Since Lovecraft, who I blogged about for the past two days and will finish with today, had such a distinctive style — depicting a universe in which no familiar cosmology applies and hideous, tentacled alien gods rule a heartless dark universe — he is, of course, easy to parody, with things like:
•an imagined speech showing us what it would sound like if a Cthulhu-worshipper — instead of a Mormon — had to convince Americans that he shares their basic faith and values
•some clever recipe suggestions for people planning Lovecraft parties
•a story about what the Cold War might have looked like had it been fought by superpowers engaged in a race to accumulate Old Ones as weapons (this item and the previous one were pointed out to me by Arkansas state representative Dan Greenberg, who suggested legislation called the Edifice Complex Prevention Act to prevent legislators naming buildings after themselves — but has not yet, to my knowledge, introduced legislation to prevent the use of non-Euclidean geometry in building unholy alien temples)
•a brand-new Lovecraft mock-children’s-book called Baby’s First Mythos
•and, as I may have mentioned before, the photo-narrative adventures of Plush Cthulhu
But tomorrow I promise to move on from horror to Valentine’s Day.

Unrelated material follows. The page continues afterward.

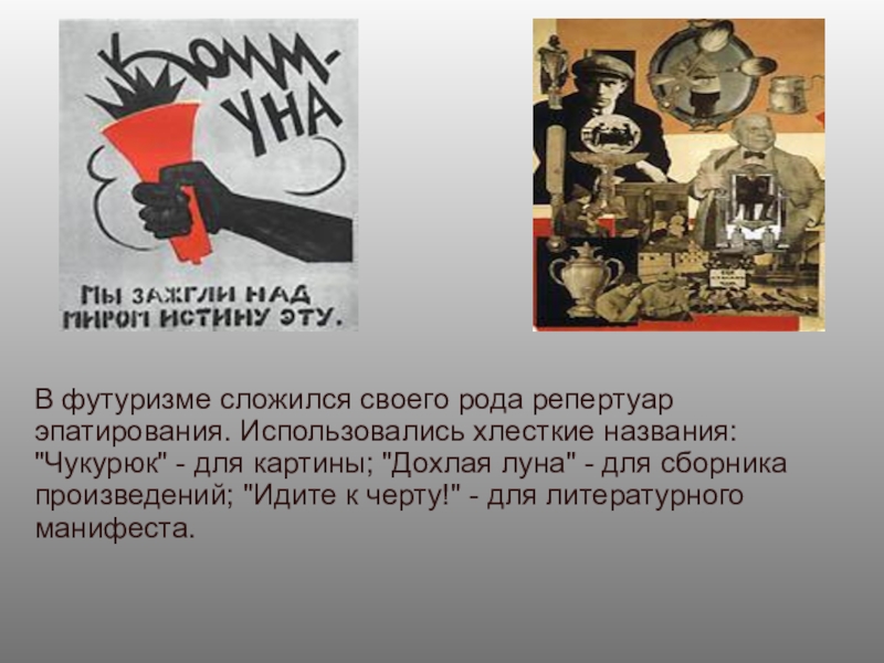 Слайд 49В футуризме сложился своего рода репертуар эпатирования. Использовались хлесткие названия: "Чукурюк"

P.S. And in what sounds like some sort of parody set-up but isn’t, Guillermo Del Toro (who as I mentioned yesterday directed the Lovecraft-influenced Hellboy) has been seriously rumored to be the possible director of both Lovecraft’s At the Mountains of Madness and Tolkein’s The Hobbit (the ongoing legal complications with the latter project making it unlikely Peter Jackson will direct, tragically). That would be like simultaneously directing Winnie the Pooh and Alien V — which would also be a pretty sweet gig.
I would not actually call the third link a parody — I would suggest that it’s a perfectly realized minor classic of SF/horror- fantasy short stories, almost up there with, e.g., Cordwainer Smith’s “The Game of Rat and Dragon,” Dan Simmons’s “The River Styx Runs Upstream,” William Tenn’s (Klass) “The Liberation of Earth,” and Lewis Padgett’s (Kuttner & Moore) “Mimsy Were The Borogoves.” (Digressing, the latter was recently adapted into the movie “The Last Mimzy,” which I have not seen.)
Speaking of things you can eat which are surely Cthulian in nature, I give you the coconut crab of the Indian and western Pacific:
This is not photoshopped! More info here:
I have long said that a giant crab climbing up a tree to get coconuts in David Attenborough’s _Life on Earth_ series was one of the most unsettling things I’ve ever seen, and then you inflict that on me.
And I only just learned today that there was literally a mad slasher on my block last night (killed a psychotherapist one corner north who may well have been his, given how often victims know their attackers) — and saw a news item about Florida cops being baffled by recent goat decapitations (I’m going to go out on a limb and guess immigrants from the Caribbean on that one).
Add one giant squid sighting to this list or tell me that Huckabee has begun showing a visible halo, and I’m stocking up on non-Euclidean protractors.
Breitbart News, where I learned of the goats, also notes a controversy over a taxpayer-funded state field trip for sexual deviants to a child-filled circus, so the world-gone-mad quotient is high today.
Actually, *this* is the best Cthulhu parody:
That’s very good — and on a more serious note, comic books bring us this monthly series starting next month, as it happens:
One mustn’t forget the unintentionally parodic theatrical adaptation of Lovecraft that we saw in NYC a few years ago — it was so overwrought that it prompted one of us to quip on the way out, “I’ve never heard anyone talk so much about the unspeakable!”
Ah, yes! To this day, the only play I’ve seen in which an actor’s mouth was wide with horror for so long that drool poured out of it. Good times.